The emergence of new web-based research tools may also increase the need for new tailor-made indicators for science and technology policy, in particular if major investments in advanced technologies are at stake. Important scientific activities may become partly invisible in measurements undertaken using traditional indicators. For example, if scientific research is carried out in virtual laboratories ², measurements of national R&D expenditure and personnel will not cover all of the research infrastructure. There may also be an increased need for electronic infrastructural investments in scientific and academic research, in terms of both hardware and software. Traditional S&T indicators may very well underestimate the demand for resources. For example, it is clear that databases play an important role in the process of knowledge creation in a wide variety of fields (Arzberger, Schroeder et al. 2004). Yet the need for investments in database infrastructures and standards are usually not captured by traditional S&T indicators.

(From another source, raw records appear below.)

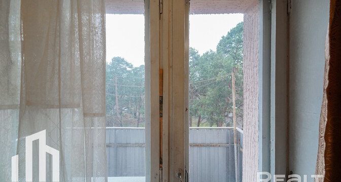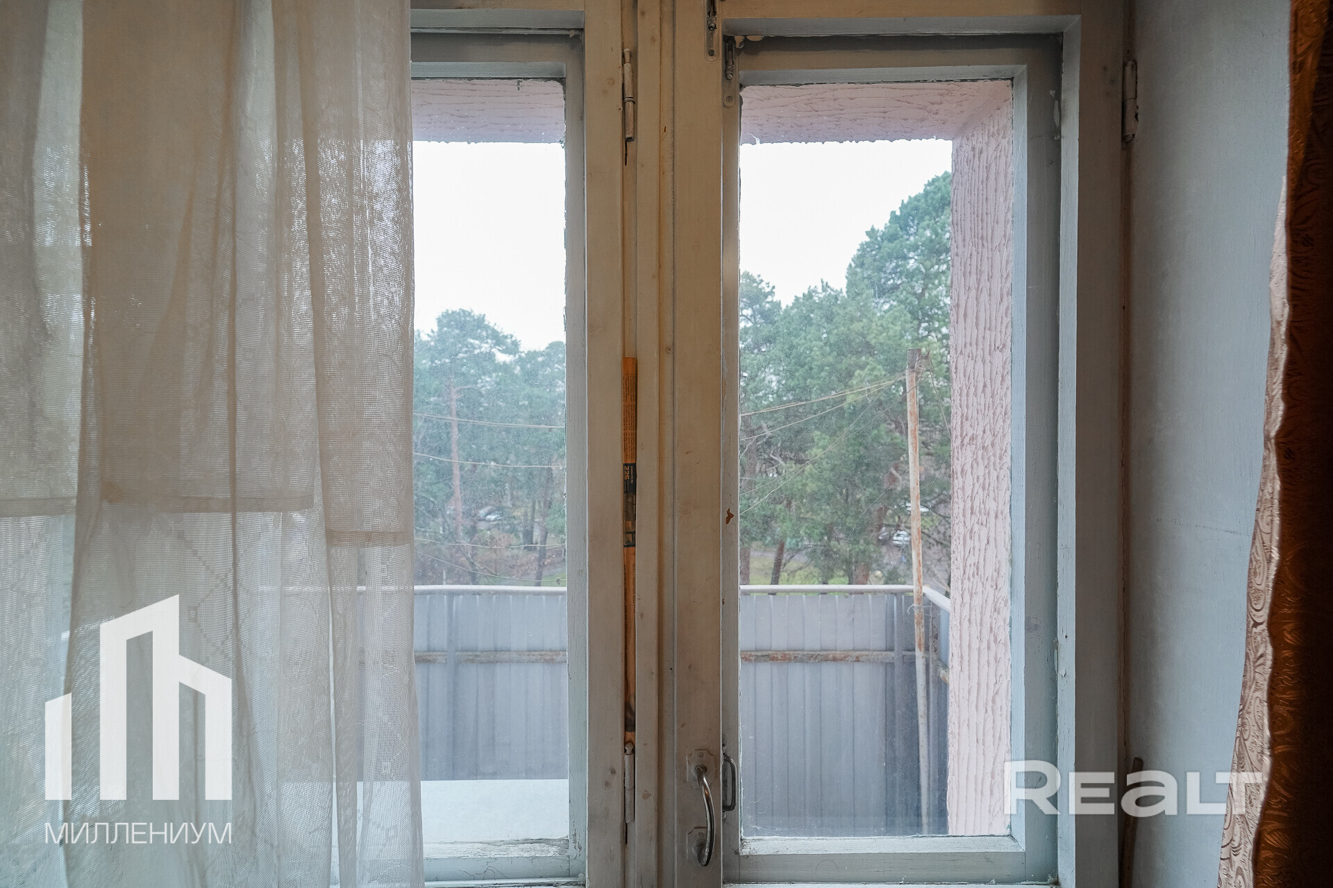 Квартира требует капитального обновления. Тут лежат доски на полу, стоят старые окна. Из комнаты имеется выход на балкон.
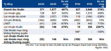 Doanh thu và lợi nhuận 9 tháng đầu năm 2025 đạt lần lượt 3.941 tỷ đồng (tăng 3,8 lần so với cùng kỳ) và 354 tỷ đồng (so với 15 tỷ đồng trong 9 tháng đầu năm 2024), hoàn thành 65% và 54% dự báo cho cả năm 2025 của chúng tôi. Không có khoản mục không thường xuyên đáng kể nào được ghi nhận trong Q3 và 9 tháng đầu năm 2025.
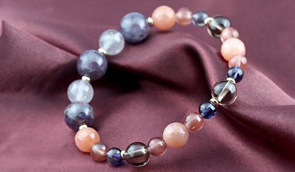 心身を落ち着かせるエネルギーを持つとされるアイオライトをメインにパワーストーンを組み合わせています。
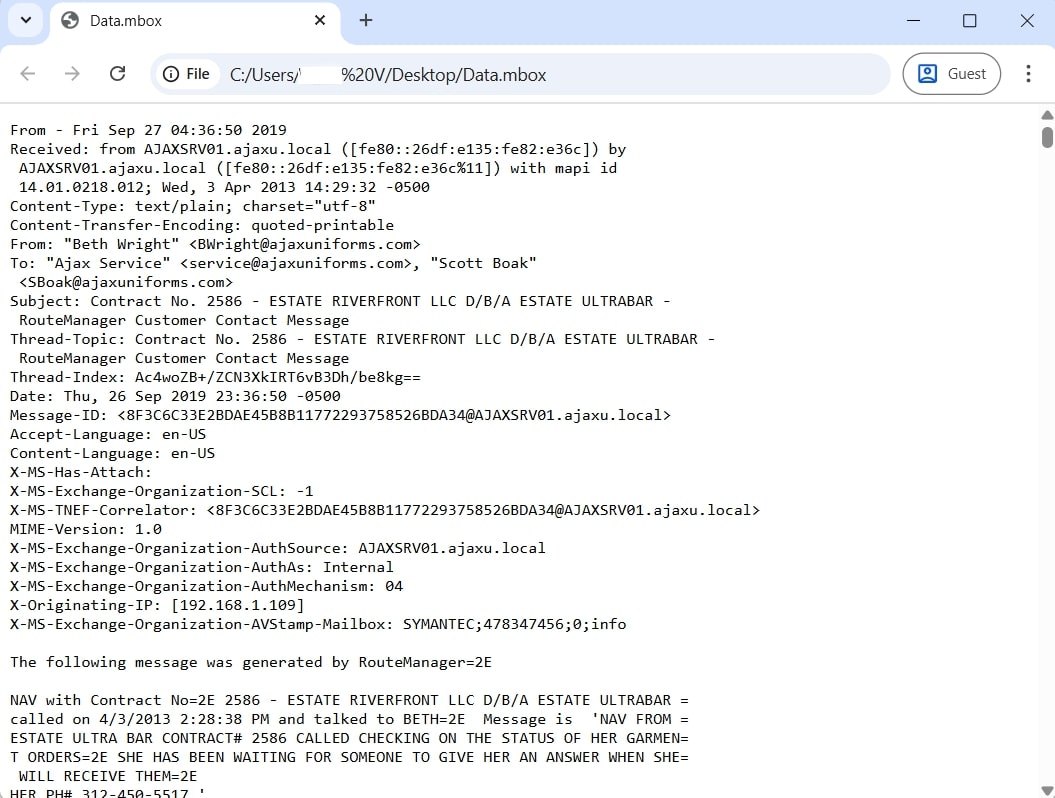 Tried to open MBOX file in Chrome, only to find the displayed content incomprehensible. Do not worry, Chrome shows the content in the file as it should be. The MBOX files are primarily read as a Text file by Google Chrome; therefore, it is displayed in such a raw form. Check out the screenshot below.
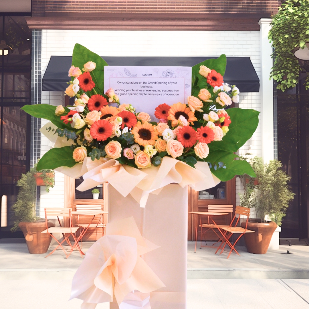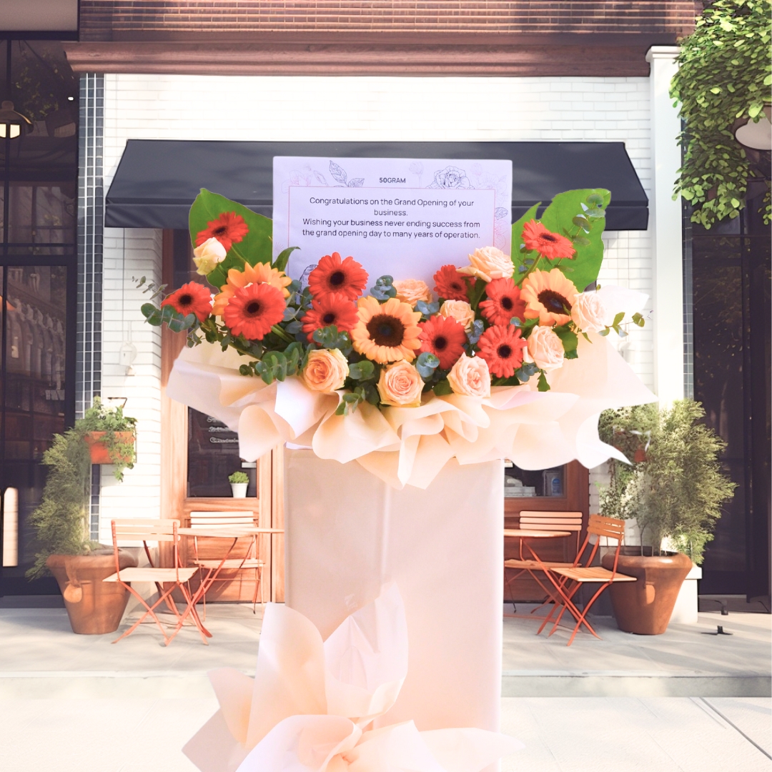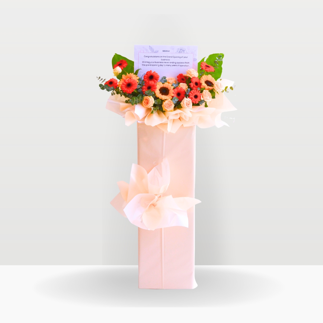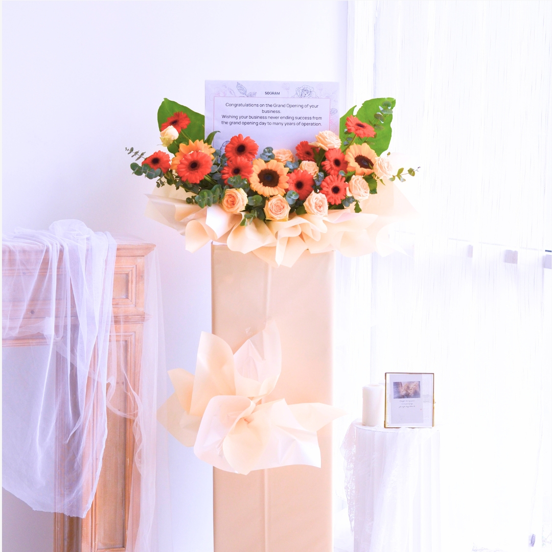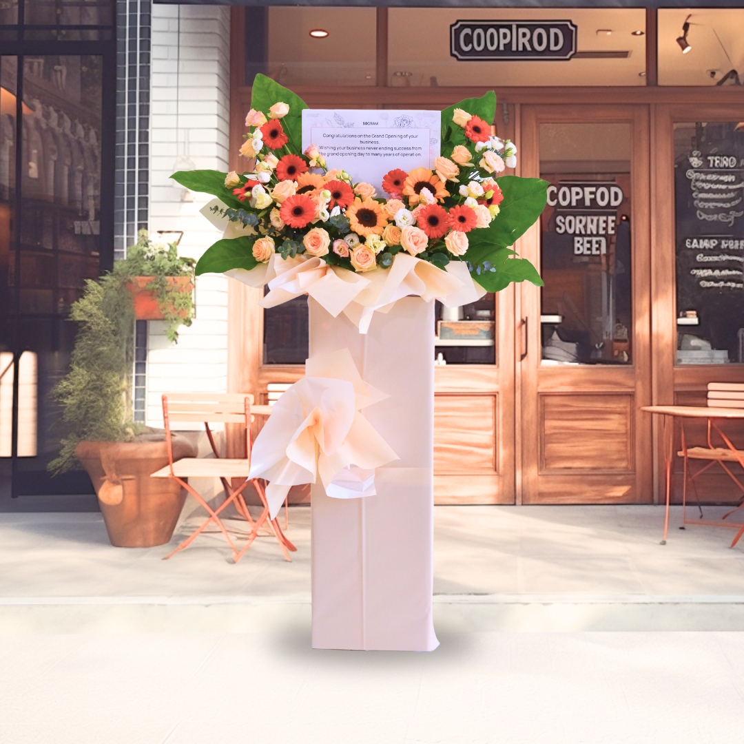 • Experience the Medley Bliss of our Business Opening Stand by 50Gram. This gorgeous arrangement combines a medley of exquisite blooms, creating a harmonious display of elegance and charm.

Indicator research generally needs a clear and methodologically sound understanding of the basic social processes involved in science and technology. The word "indicator" has roots in the Latin "indicare" which means "to direct or to point out". It is usually defined as a measurable variable, sometimes hypothetically linked to another (latent) variable which cannot be observed directly (Bollen 2001). The variable describes a characteristic of a social phenomenon which is used, in turn, to define, explain or describe a social science concept in theoretical terms.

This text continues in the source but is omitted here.